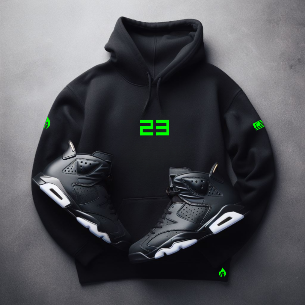 So why wait? Order now and step up your style game with our exclusive "23" sneaker hoodie to match Air Jordan 6 Retro's black and neon green colorways. With fast shipping times, hassle-free returns, and unbeatable customer service, there's never been a better time to upgrade and stay LIT!
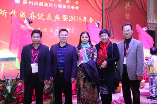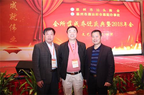 2019年1月16日,我会会长庄金项、执行会长方创荣、理事方惠江、林瑞香、林耿在、郑宏城、会员方秀凤、秘书长方振逵、副秘书长方惜芳一行9人赴大亚湾华美达酒店,应邀出席惠州市汕头商会第一届第四次、惠州市潮汕商会惠阳办事处第二届第四次会员大会暨会所落成乔迁庆典, 出席本次大会活动的领导有惠州市民政局副局长何顾全, 惠州市社会组织管理局局长邓文汉、副局长农丽芬, 惠州市工商联党组成员、秘书长詹宏, 惠州市社会组织总会会长钟新伟, 惠阳区民政局党组书记林晓宏, 惠阳区宣传部副部长、社科联主席卢舜辉, 惠阳区工商联(总商会)主席、以及本市各潮属社团和部分友好商协会会长、会员共近四百人出席大会活动, 庆典由CCTV《大国人文》李红梅主持。
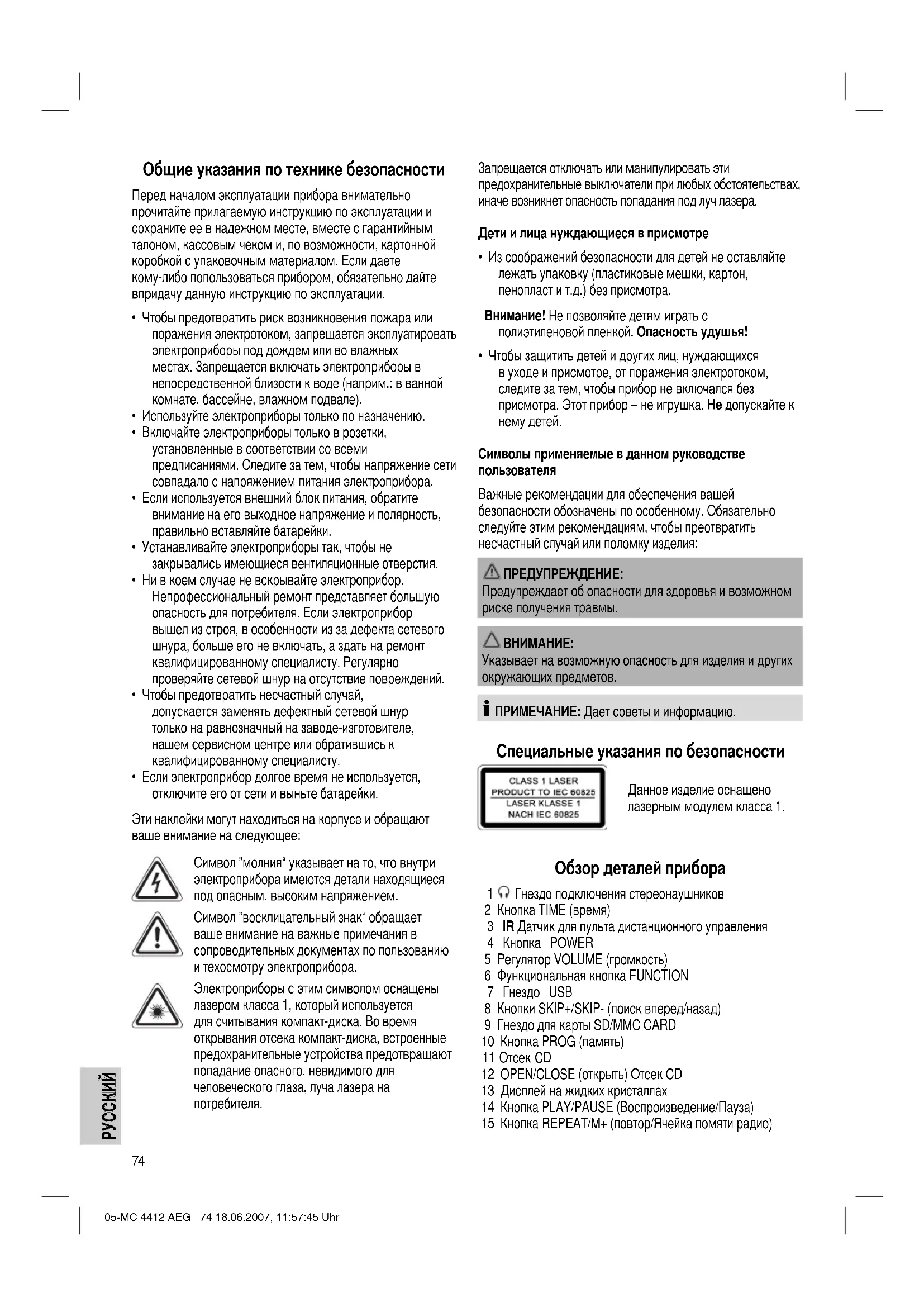 Указывает на возможную опасность для изделия и других окружающих предметов. ПРИМЕЧАНИЕ: Дает советы и информацию. Специальные указания по безопасности Данное изделие оснащено лазерным модулем класса 1. Обзор деталей прибора 1 Гнездо подключения стереонаушников 2 Кнопка TIME (время) 3 IR Датчик для пульта дистанционного управления 4 Кнопка POWER 5 Регулятор VOLUME (громкость) 6 Функциональная кнопка FUNCTION 7 Гнездо USB 8 Кнопки SKIP+/SKIP- (поиск вперед/назад) 9 Гнездо для карты SD/MMC CARD 10 Кнопка PROG (память) 11 Отсек CD 12 OPEN/CLOSE (открыть) Отсек CD 13 Дисплей на жидких кристаллах 14 Кнопка PLAY/PAUSE (Воспроизведение/Пауза) 15 Кнопка REPEAT/M+ (повтор/Ячейка помяти радио) 05-MC 4412 AEG 74 18.06.2007, 11:57:45 UhrРУССКИЙ

**********

- Work order -
Every line above must be printed again exactly, pictures excluded.

- Expected output -
 So why wait? Order now and step up your style game with our exclusive "23" sneaker hoodie to match Air Jordan 6 Retro's black and neon green colorways. With fast shipping times, hassle-free returns, and unbeatable customer service, there's never been a better time to upgrade and stay LIT!
 2019年1月16日,我会会长庄金项、执行会长方创荣、理事方惠江、林瑞香、林耿在、郑宏城、会员方秀凤、秘书长方振逵、副秘书长方惜芳一行9人赴大亚湾华美达酒店,应邀出席惠州市汕头商会第一届第四次、惠州市潮汕商会惠阳办事处第二届第四次会员大会暨会所落成乔迁庆典, 出席本次大会活动的领导有惠州市民政局副局长何顾全, 惠州市社会组织管理局局长邓文汉、副局长农丽芬, 惠州市工商联党组成员、秘书长詹宏, 惠州市社会组织总会会长钟新伟, 惠阳区民政局党组书记林晓宏, 惠阳区宣传部副部长、社科联主席卢舜辉, 惠阳区工商联(总商会)主席、以及本市各潮属社团和部分友好商协会会长、会员共近四百人出席大会活动, 庆典由CCTV《大国人文》李红梅主持。
 Указывает на возможную опасность для изделия и других окружающих предметов. ПРИМЕЧАНИЕ: Дает советы и информацию. Специальные указания по безопасности Данное изделие оснащено лазерным модулем класса 1. Обзор деталей прибора 1 Гнездо подключения стереонаушников 2 Кнопка TIME (время) 3 IR Датчик для пульта дистанционного управления 4 Кнопка POWER 5 Регулятор VOLUME (громкость) 6 Функциональная кнопка FUNCTION 7 Гнездо USB 8 Кнопки SKIP+/SKIP- (поиск вперед/назад) 9 Гнездо для карты SD/MMC CARD 10 Кнопка PROG (память) 11 Отсек CD 12 OPEN/CLOSE (открыть) Отсек CD 13 Дисплей на жидких кристаллах 14 Кнопка PLAY/PAUSE (Воспроизведение/Пауза) 15 Кнопка REPEAT/M+ (повтор/Ячейка помяти радио) 05-MC 4412 AEG 74 18.06.2007, 11:57:45 UhrРУССКИЙ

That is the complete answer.